Jesus opens his momentous sermon with a series of eight pungent and largely paradoxical statements known traditionally as the “beatitudes” (Matthew 5:2–12). They must have fallen like thunderbolts upon those first century Jewish ears. A more likely formula for success could hardly have been imagined. They assaulted every maxim of conventional wisdom and left the hearer startled and perplexed. In this way Jesus gains the attention of his audience and drives home the essential character of the kingdom of God and its citizens.
The whole world, then as now, was in earnest pursuit of happiness and had just as little conception as men today of how to obtain it. There was no surprise in the announcement that there was true blessedness in the kingdom. The shock came in the kind of people who were destined to obtain it. The beatitudes speak exclusively of spiritual qualities. The historic concerns of men—material wealth, social status and worldly wisdom—do not simply receive little attention; they receive none at all. Jesus is clearly outlining a kingdom not of this world (John 18:36), a kingdom whose borders pass not through lands and cities but through human hearts (Luke 17:20–24). This altogether unlikely kingdom arrived as announced in the first century (Mark 9:1; Colossians 1:13; Revelation 1:9) but most were unprepared to recognize and receive it—even as they are now.
It must be further noted that not only were the qualities of the kingdom citizen spiritual but they are qualities which would not come to men naturally.

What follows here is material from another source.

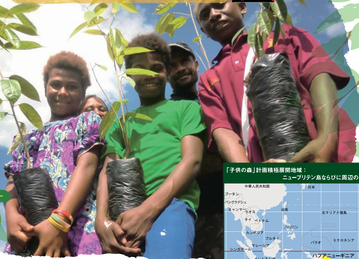
「子供の森」計画積極展開地域： ニューブリテン島ならびに周辺の島々

They are not the product of heredity or environment but of choice. No one will ever “fall into” these categories. They not only do not occur in men naturally, but are in fact distinctly contrary to the “second nature” which pride and lust have caused to prevail in the hearts of all humanity.

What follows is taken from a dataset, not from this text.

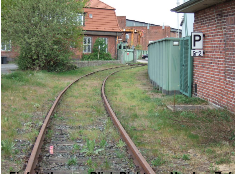
Einfahrtbogen, Blick Richtung Norden, Zufahrt zum Bremer Kai
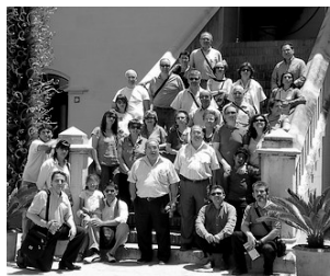
PART DELS EXCURSIONISTES EN EL PALAU DUCAL

El passat 14 de juny, socis i amics del Rogle participarem en una excursio-visita a la Safor. Visitarem els monasteris de St. Jeroni de Cotalba i de Sta. M a de la Valldigna (dels quals es fa resenya en este numero), a mes de la ciutat de Gandia.

Perhaps there is no more important truth to be recognized about the beatitudes than the fact that they are not independent proverbs which apply to eight different groups of men, but are a composite description of every citizen in the kingdom of God. These qualities are so interwoven in one spiritual fabric that they are inseparable. To possess one is to possess them all, and to lack one is to lack them all. And as all Christians must possess all these qualities of kingdom life, they are also destined to receive all its blessings, blessings which, like its qualities, are but components of one reward: one body called to one hope (Ephesians 4:4).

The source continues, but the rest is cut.